Factors Affecting the GBR's Health

• Natural Stress: The GBR has suffered four major mass bleaching events since 1998 (1998, 2002, 2016, 2017), driven primarily by El Niño cycles and rising sea surface temperatures.
• Human Stress (Agriculture/Drainage): The biggest regional threat comes from the rivers draining into the reef lagoon, especially the Burdekin River Basin. Agricultural runoff carries vast quantities of sediment (from grazing land erosion) and nutrients (from sugarcane and cattle farms).
  • Impact: Reduced light penetration and increased algal growth, which fuels COTS outbreaks.
• Human Stress (Development/Shipping): Expansion of coal ports along the Queensland coast requires massive dredging, which stirs up sediment and destroys local reef areas.
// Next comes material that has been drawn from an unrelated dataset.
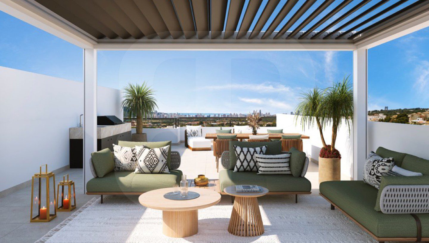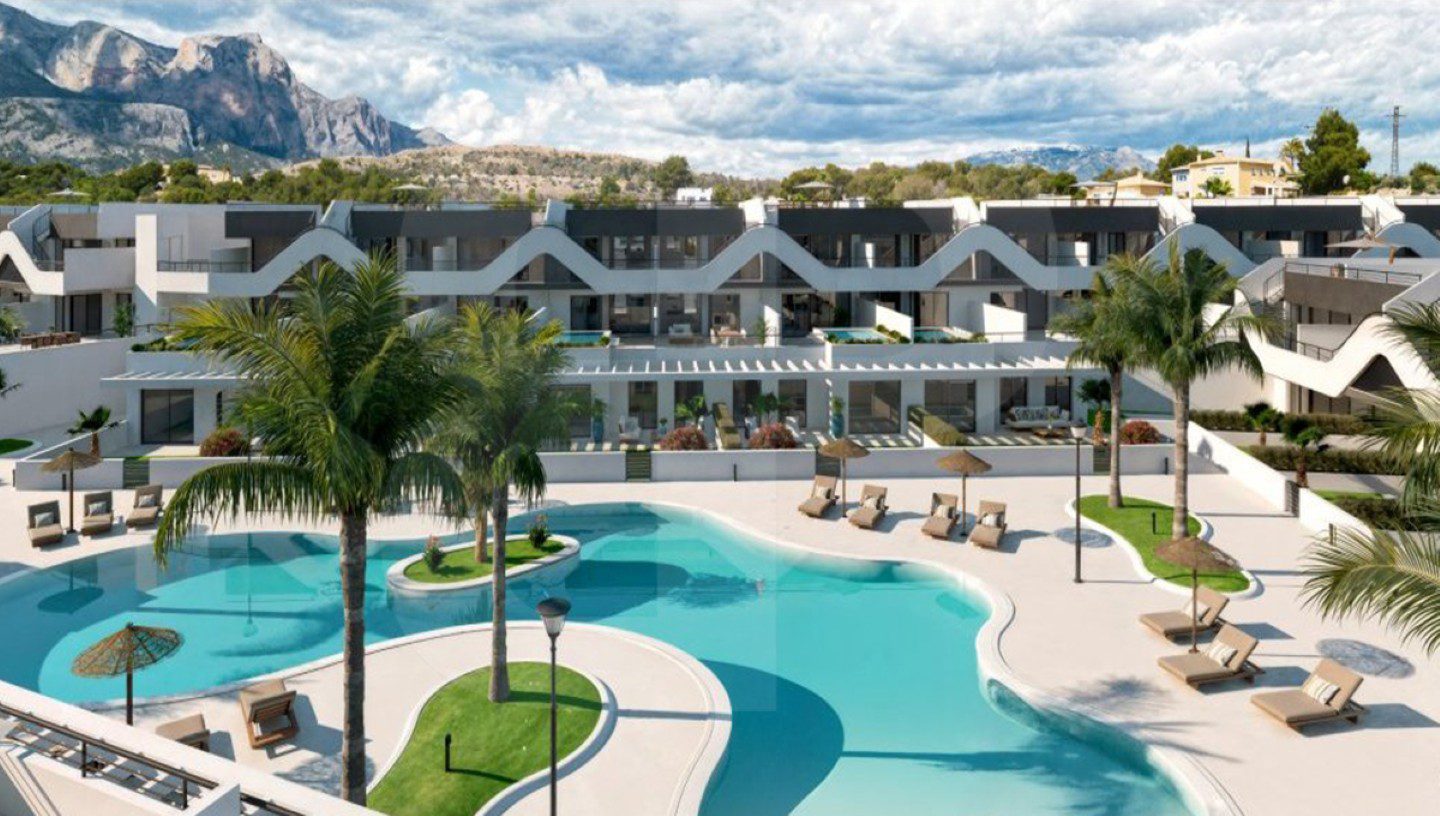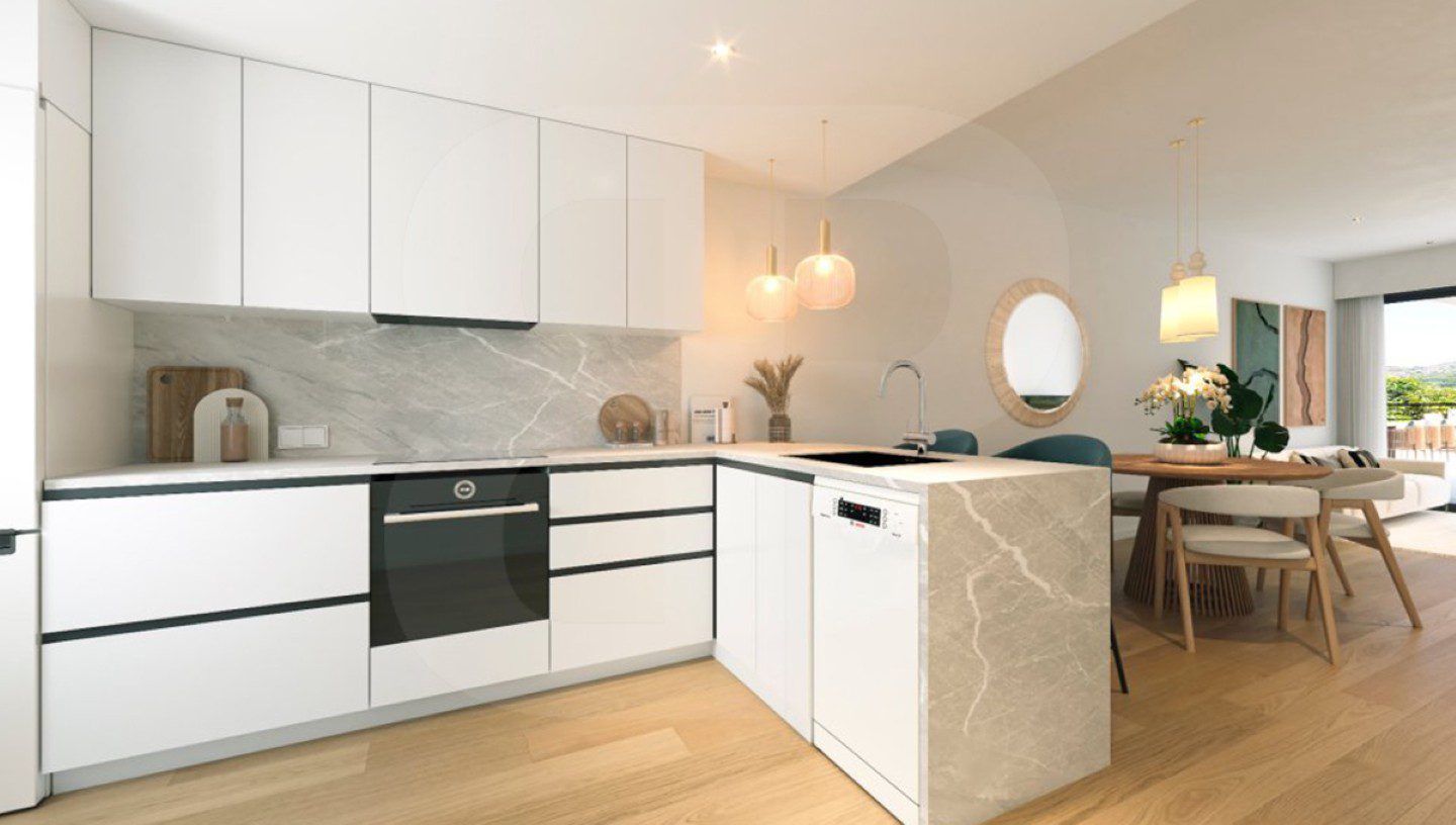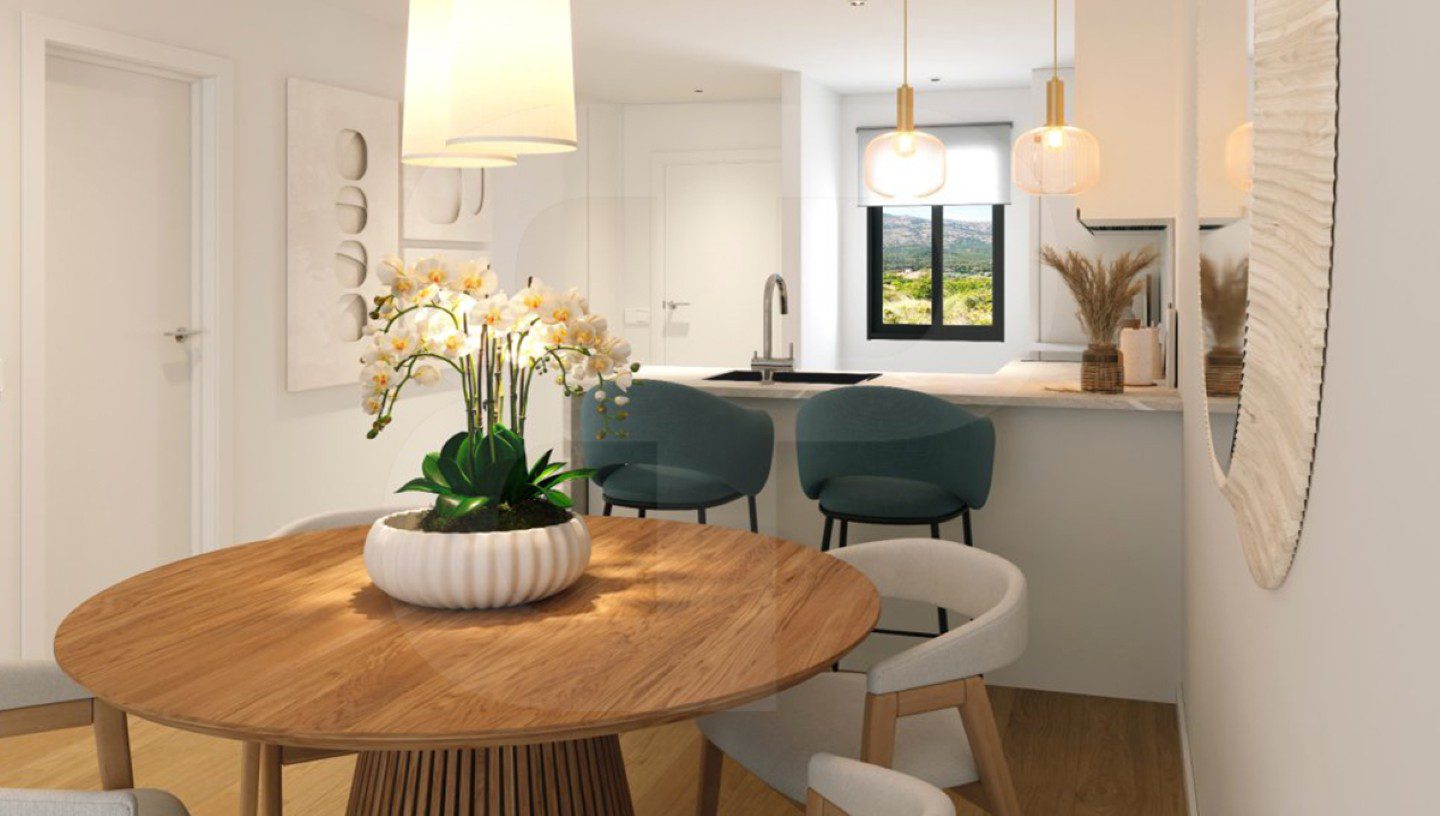 Apartamento en planta baja orientado al sur. Ubicado en Alfaz del Pi. Nueva construcción con dos dormitoritos, dos baños y dispone de salón-comedor con cocina abierta y acceso directo a una terraza cubierta acristalada, que comunica con un jardín privativo. Aerotermia y aire acondicionado por conductos, plaza de garaje privada y techada. Piscina comunitaria y las imágenes mostradas son fotos tipo. Soleado con grandes posibilidades, próximo a zona comercial.

Increased shipping traffic raises the risk of oil spills and anchor damage.

5. Future Prospects for Coral Reefs

The outlook for coral reefs is highly dependent on whether global communities can urgently address climate change (global action) and implement strict local management (regional/local action).
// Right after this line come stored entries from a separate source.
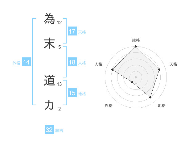 為末 道カさんの天格は17画の4点!
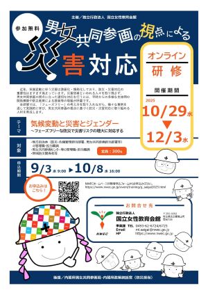 | 詳細: | 『気候変動と災害とジェンダー ~フェーズフリーな防災で災害リスクの増大に対応する』をテーマに、「男女共同参画の視点による災害対応研修」を開催します。 本研修では、「フェーズフリー」の考え方を取り入れながら、講義、事例報告や参加者情報交換会などのプログラムを通じて実践的に学び、男女共同参画の視点に基づく防災・災害対応に取り組める人材を育成します。 ■申込期間 令和7年9月3日(水)~10月8日(水) 申込方法等の詳細は、以下をご覧ください。 https://www.nwec.go.jp/event/training/g_saigai2025.html ■受講期間 令和7年10月29日(水)~12月3日(水) ■方法 オンライン形式(オンデマンド配信、一部ライブ配信) ■対象 地方自治体、男女共同参画センター等の管理職、担当職員及び地域防災の関係者 ■参加費 無料(ただし、通信にかかる費用は参加者負担) ■内容 基調講演、情報提供、講義、事例報告、情報交換会 ■問合せ先 独立行政法人国立女性教育会館事業課 〒355−0292 埼玉県比企郡嵐山町菅谷728 電話 0493-62-6724(平日9:00~17:00) E-mail ml.saigai@nwec.go.jp *お問い合わせは原則としてメールでお願いします。 |
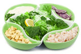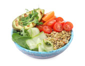 Pyszna miska soczewicy z marchewką, awokado, jajkiem i łososiem na białym tle
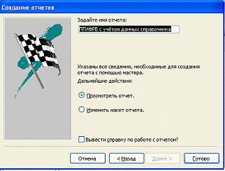 нажмите кнопку «Далее». Появляется диалоговое окно «Создание отчётов» для
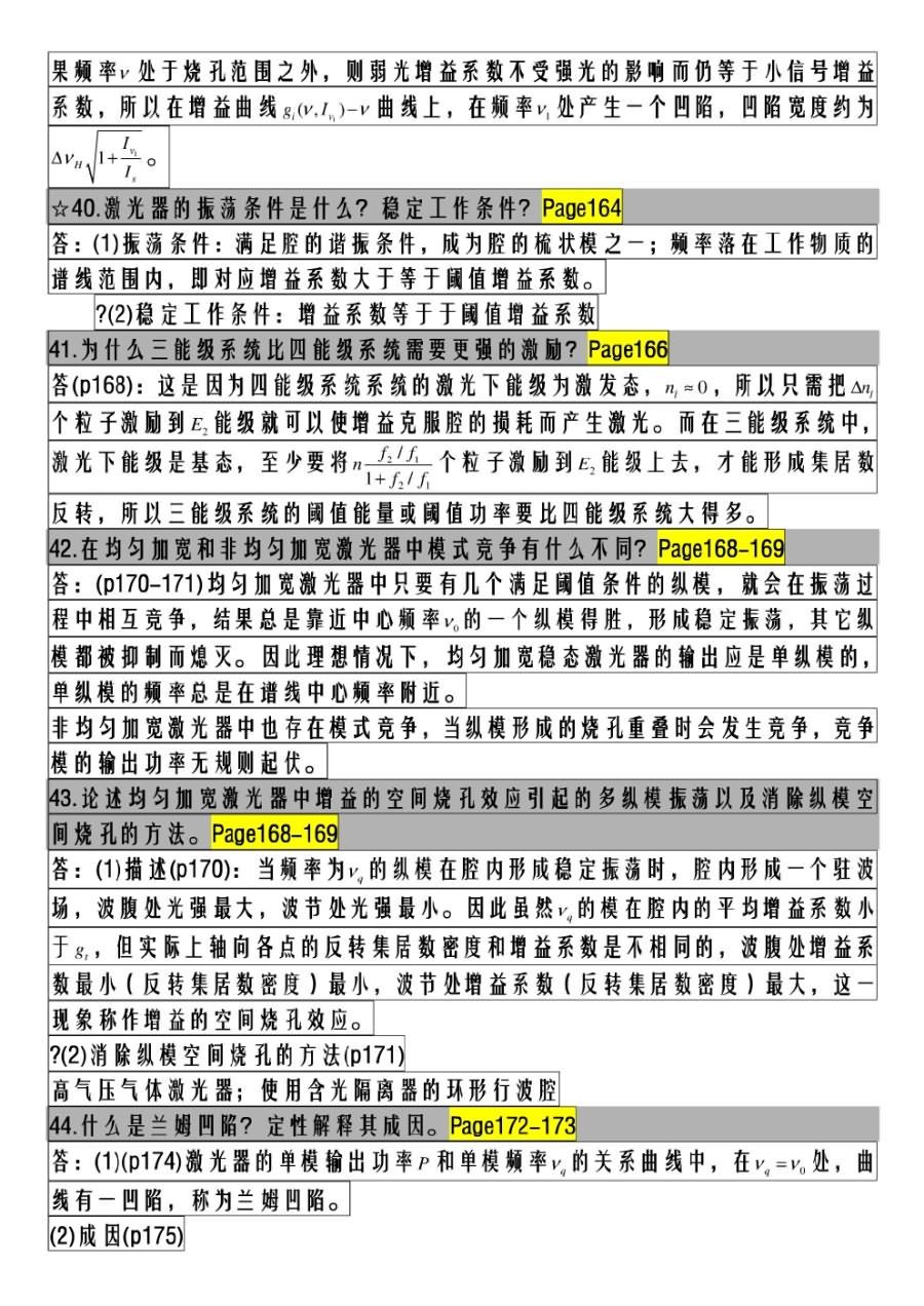 2015华中科技大学光学工程激光原理900真题回忆 一、简答题 1、△n 大于0,激光器是否能够产生自激振荡? 2、光学谐振腔的结构和作用 3、共焦腔与一般腔的等价性 4、均匀加宽与非均匀加宽的特点 5、连续激光器从开始振荡到产生稳定输出增益系数的变化情况 6、光学模式以及横模和纵模 二、三能级四能级的本质区别,以及 ...专业课考研资料 本站小编 免费考研网 2015-12-17内蒙古大学激光原理与技术课后题
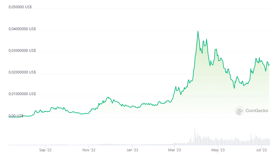KAS cotiza a USD 0,024 al momento de redacción de este artículo. El 2 de abril de 2023, alcanzó su precio máximo histórico de USD 0,042. En los últimos seis meses, su valor subió más de un 400%.

5.1 The Challenge of Resilience

While reefs have historically shown resilience, the rate and scale of current threats are overwhelming their ability to recover. Recovery from a mass bleaching event can take a decade or more, but if bleaching events occur every few years (as they are now), the reefs have no chance to regenerate.

5.2 Management and Mitigation Strategies

Sustainable management involves addressing both the global drivers (CO2 emissions) and the local stressors (pollution/development):

• Coastal Zone Management: Implementing stricter laws to control coastal development, dredging, and land clearing to reduce sediment runoff.
• Improved Water Quality: Working with farmers in drainage basins (like the GBR catchment) to improve fertilisation practices, reduce pesticide use, and restore riverside vegetation buffers to trap sediment.
• Marine Protected Areas (MPAs): Establishing 'No-Take Zones' where fishing and resource extraction are banned. This allows fish populations to recover, restoring the ecological balance (like controlling algal grazers).
• Technological Solutions: Researching coral engineering—growing resilient coral species in labs to transplant onto damaged reefs, or developing methods to shade reefs during heatwaves.

Key Takeaway

Marine ecosystems, particularly coral reefs, are under extreme stress due to the synergistic effect of global warming (bleaching, acidification) and regional human pressures (pollution, sediment runoff). Their future depends on coordinated global action to limit CO2 emissions and disciplined local conservation management.